DeSantis also said the new law would prohibit the mass mailing of mail-in ballots even though that was already illegal before legislators took action.

DeSantis, after he signed the bill, was caught by local television reporters outside the hotel where it took place. "It was on national TV, it wasn't secret," he said when pressed about the decision to bar other media.

Democrats reacted sharply to both the bill signing and the governor’s decision to bar other news media from observing it.

“This is the difference between @GovRonDeSantis and me,” Rep. Charlie Crist, a Democratic candidate for governor said on Twitter. “He locks out the public and caters to FOX News. When I was Governor, everyone was invited in — Democrats, Republicans, and Independents. And when I'm Governor again, this will be a Florida for all.”

Within minutes of the bill signing, an alliance of voting rights and civil rights groups announced they had filed a lawsuit in federal court in Tallahassee to block the new law.

Shortly after that, the NAACP Legal and Defense Fund filed a similar lawsuit on behalf of the Florida NAACP, Disability Rights Florida and Common Cause.

The League of Women Voters of Floridan along with Black Voters Matter Fund, Florida Alliance for Retired Americans and a handful of voters filed a lawsuit that contends the newly-enacted legislation impedes “every step of the voting process in Florida.”

“The legislation has a deliberate and disproportionate impact on elderly voters, voters with disabilities, students and communities of color,” said Patricia Brigham, president of the League of Women Voters of Florida.

“It’s a despicable attempt by a one party ruled legislature to choose who can vote in our state and who cannot. It’s undemocratic, unconstitutional, and un-American.”

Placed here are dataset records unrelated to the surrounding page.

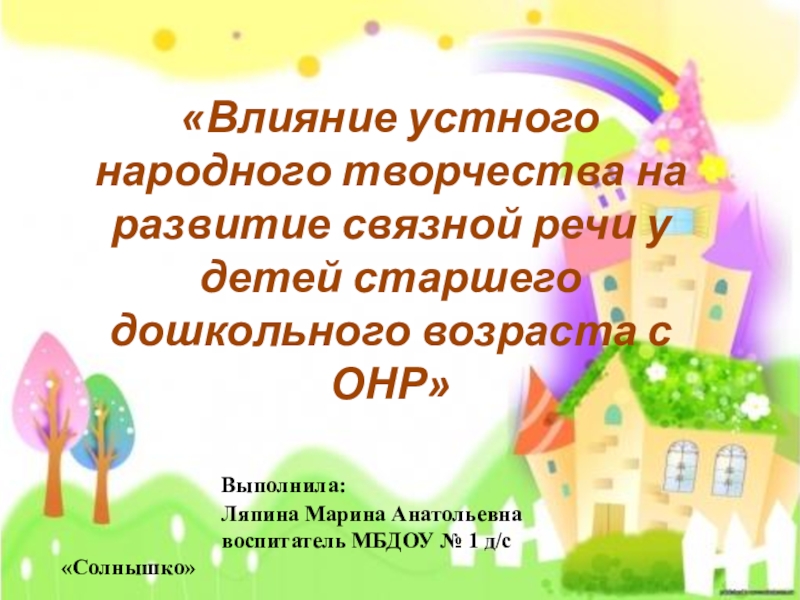 воспитатель МБДОУ № 1 д/с «Солнышко»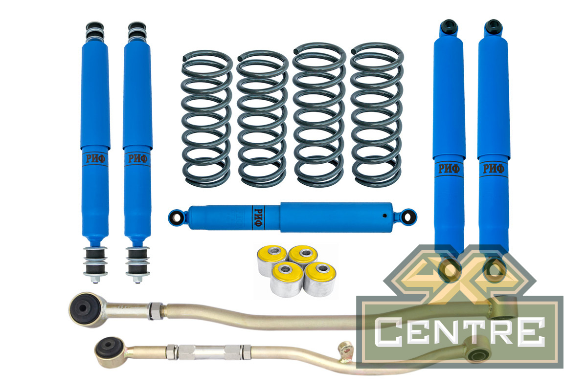 Все компоненты лифт-комплектов РИФ разработаны специально для эксплуатации внедорожника в тяжелых условиях на различных дорожных покрытиях. Амортизаторы с технологией R-AIR и пружины РИФ не только компенсируют вес установленного на внедорожнике дополнительного оборудования (бамперов, порогов, дополнительных топливных баков, лебедок и прочего), но также существенно повышают грузоподъемность автомобиля.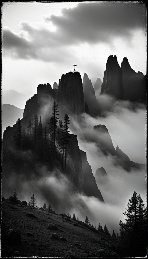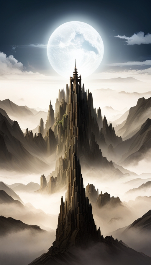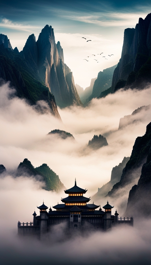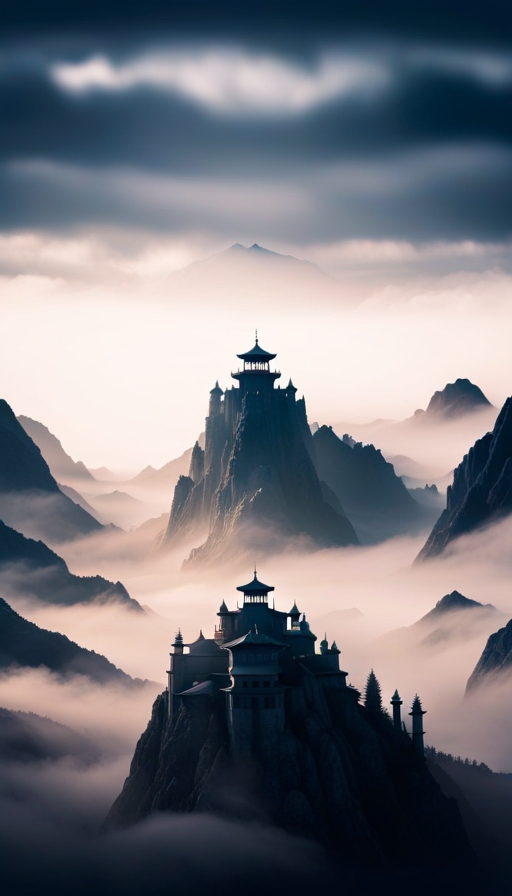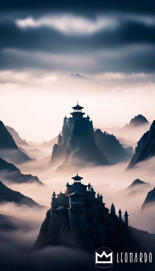 Ancient, mysterious temple in a mountain range, surrounded by misty clouds and tall peaks

Agriculture Commissioner Nikki Fried, who is expected to challenge DeSantis in 2022, said at a press conference Thursday that she was directing her department's lawyers to file an amicus brief in the League of Women Voters lawsuit.

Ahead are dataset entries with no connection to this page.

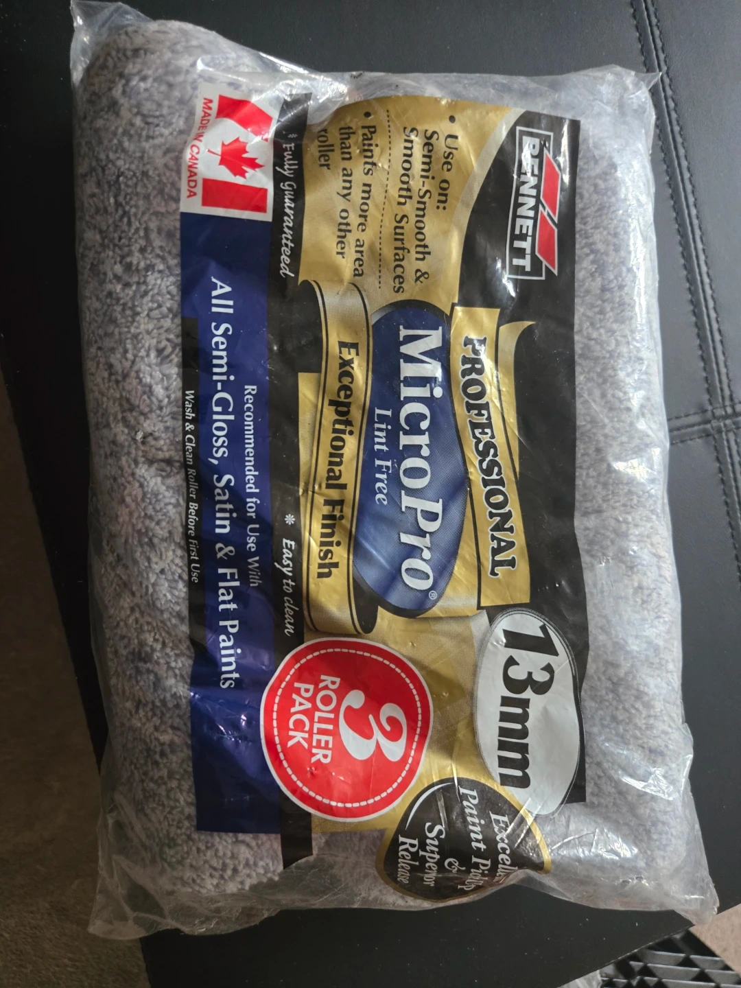 Selling a pack of Bennett Micro Pro paint rollers! This is a 3-roller pack, perfect for your painting needs. They are lint-free and designed for a smooth, exceptional finish on semi-smooth and smooth surfaces. Great for all semi-gloss, satin, and flat paints
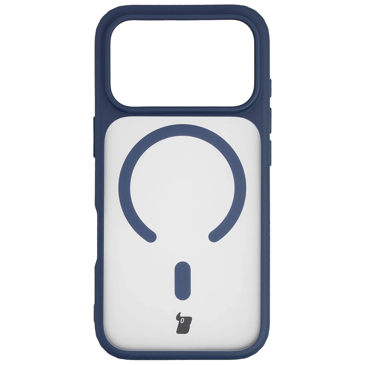 Etui z pierścieniem magnetycznym + szkło hartowane Bizon MatteO Pack do iPhone 17 Pro, przydymione-granatowe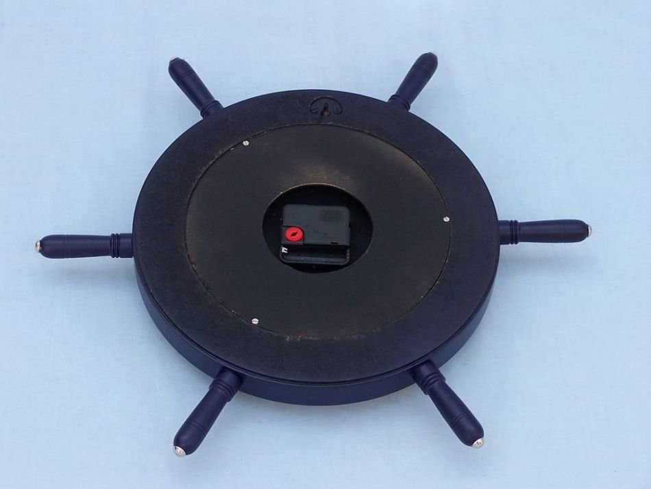 This nautical clock requires AA batteries to operate (not included) which can easily be installed in the back. There is also a hinge on the back of the ship wheel to make it very easy to hang on any wall.

Fried, the only statewide elected Democrat, said she had only read part of the lawsuit, but said she has no doubt "there is merit behind it, this will be deemed an unconstitutional bill and a complete infringement upon people's rights."

Florida’s elections in 2020 went relative smoothly and DeSantis himself boasted about that the state had finally “vanquished the ghost” of the 2000 presidential election recount that subjected the state to international ridicule. But then the governor in late February called for many of the changes that are outlined in the bill he signed.

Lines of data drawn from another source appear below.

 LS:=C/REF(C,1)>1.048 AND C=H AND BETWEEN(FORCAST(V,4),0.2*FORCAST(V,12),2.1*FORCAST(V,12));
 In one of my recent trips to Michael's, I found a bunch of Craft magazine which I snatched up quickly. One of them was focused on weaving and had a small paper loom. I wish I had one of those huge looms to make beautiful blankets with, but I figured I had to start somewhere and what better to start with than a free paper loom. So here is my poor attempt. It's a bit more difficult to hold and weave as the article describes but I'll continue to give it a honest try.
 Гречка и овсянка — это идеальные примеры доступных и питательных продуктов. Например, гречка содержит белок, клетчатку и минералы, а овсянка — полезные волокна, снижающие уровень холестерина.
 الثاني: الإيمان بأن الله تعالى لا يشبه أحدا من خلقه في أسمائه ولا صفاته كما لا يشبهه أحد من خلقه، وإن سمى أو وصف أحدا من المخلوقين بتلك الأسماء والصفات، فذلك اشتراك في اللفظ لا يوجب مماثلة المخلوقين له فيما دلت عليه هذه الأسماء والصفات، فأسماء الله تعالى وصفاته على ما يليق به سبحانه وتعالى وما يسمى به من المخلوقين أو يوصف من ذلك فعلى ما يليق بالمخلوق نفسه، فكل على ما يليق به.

One of the most significant changes in the law would place a two-ballot limit on how many mail-in ballots someone could gather and turn in on behalf of the elderly or sick and disabled voters. There is an exception for immediate family members, but some Democrats predicted this would lead to older voters being less able to participate.

The measure would impose new restrictions on when drop boxes could be used and would bar outside groups from giving out grants to help local and state election officials administer elections. This was done as a response to a Chicago-based non-profit handing out millions in aid ahead of the 2020 elections. Most of the money from that non-profit came from Facebook co-founder Mark Zuckerberg and his wife Priscilla Chan.

Despite the avalanche of criticism from Democrats and critical international coverage of Florida’s legislation as “Jim Crow 2.0,” Florida remains one of the easiest states for a registered voter in which to cast ballots.

In addition to Election Day, voters have about a month to cast vote-by-mail ballots or they can cast ballots in-person for at least eight days in all counties — and for as many as 14 days in counties that elect to do so, mainly in large urban areas where Democrats congregate.

Still, the pressure for the election changes and restrictions was premised on Trump’s baseless claim that widespread and systemic voter fraud cost him his reelection. Trump carried his newly adopted home state by a bigger margin in 2020 than former President Barack Obama did in 2008.